The other major downside is that you won’t be able to use the map functions on your phone. These are insanely useful when you are in an unfamiliar location. I use them all the time. Even if you have GPS in your car, there will be many times when you are walking around and want to know where you are going. In a tour group, it is possible (but not advisable) to get by without the map function. When traveling on your own, forget it.  You are going to want it.

Can you work around this? Yes. But why would you want to? You spent a lot of money on your trip, and the extra hundred dollars or whatever is just worth it in making your trip better, added convenience, and adding a comfort factor. I’ve been on tours where people didn’t get messages about changed plans because they didn’t want to buy a data plan and it caused them problems and made them miss out on doing things they wanted to do.

Using International Data Wisely

As mentioned above, your data might be limited.  There is an easy answer to making sure that you don’t waste your data, and that is to do as much online activity as you can on a wifi signal.  As mentioned above, data used on a wifi signal doesn’t count as data in the international plans.  Therefore, any serious activity should be done via wifi.  Further, you might want to wait and open any large attachments when you have a wifi signal.  It is generally faster anyway.

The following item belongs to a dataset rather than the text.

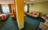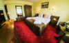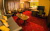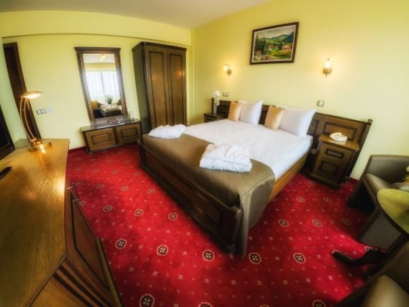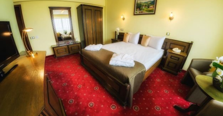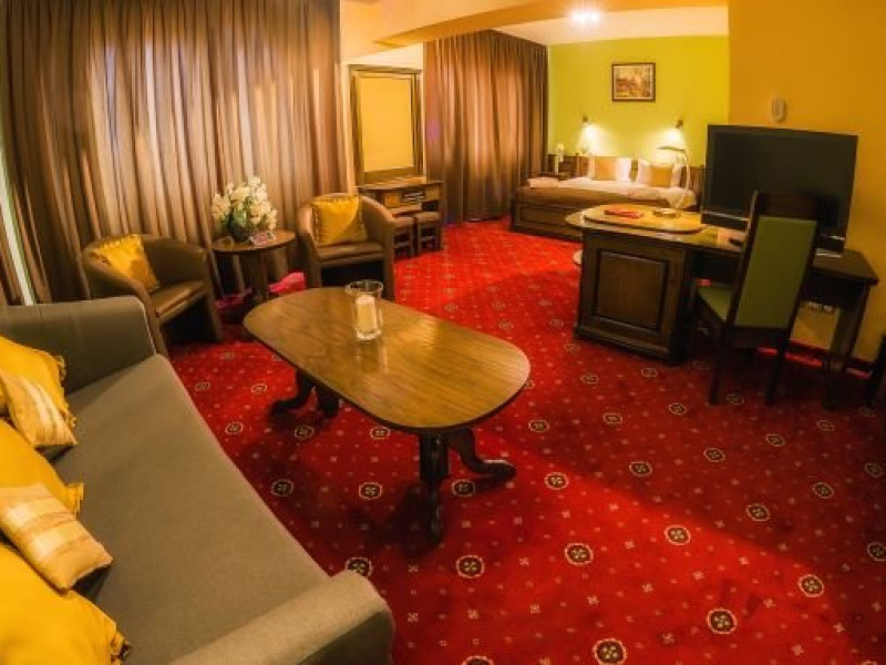 Junior Suite 4 stele: au 50 mp sunt formate dintr-un spatiu cu pat matrimonial, canapea extensibila, balcon, minibar, birou de lucru, telefon, tv, aer conditionat, seif, baie cu cada hidromasaj, uscator de par, halate de baie si papuci.
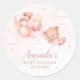 Moderno color de agua dulce Boho Teddy Bear Chica bebé Ducha Pegatina redondo clásico Personaliza este Pegatina Dreamy Adorable Teddy Bear con los detalles de su ducha de bebé de forma fácil y rápida, oprime el botón de personalizar para reorganizar más, y formatear el estilo y la ubicación del texto. Este diseño está hecho con todo el amor por el fondo del cielo blanco y rosado soñado y las estrellas doradas al lado del adorable osito de peluche con globos.

You could turn off your cellular data while traveling except for times when you actually need it.I don’t advise this though, because you never know when someone might be trying to get ahold of you.

What About Using "Whats App" to Communicate?

What’s App Is a messaging app widely used everywhere in the world outside of the United States.  It works just like texting, but in a separate app.  Basically it moves the texting function to a separate app so it is using data rather than cellular signal.  It is often suggested as a remedy for the problem of being able to text on the road, but it doesn’t solve all problems.

I believe the reason Whats App is so popular worldwide is that people elsewhere get charged for texting.  In the US, unlimited texting is included in pretty much every cellular plan, so nobody uses What’s App.  It just isn’t necessary.

But should you get it for your international travels?  While there is nothing wrong with getting What’s App but it won’t solve your underlying problem.  You can use What’s App on wifi – and it will be free to do so – but otherwise it requires a cell signal.  In other words, What’s App will be wifi only without an international plan. 

Get the Data Plan!

I get it – international trips are expensive.  What’s more, even beyond the big ticket items of plane fare and hotel, it can feel like death by a thousand cuts in terms of all the things you need.  But this isn’t the place to cut corners.  As a percentage of your trip costs, it is quite small.  Having data will add comfort and convenience to your trip.  It is worth it. 

I mentioned two big uses of data above (communication and maps) but there are many other reasons to get it.  I often buy tickets on my phone on the fly, thus saving myself from standing in ticket lines.  I look up places and people being referenced on tours for additional context.  I check reviews of restaurants.  The list goes on and on.  Your trip to Europe is not the time to deprive yourself.  Having international data plans makes your trip better.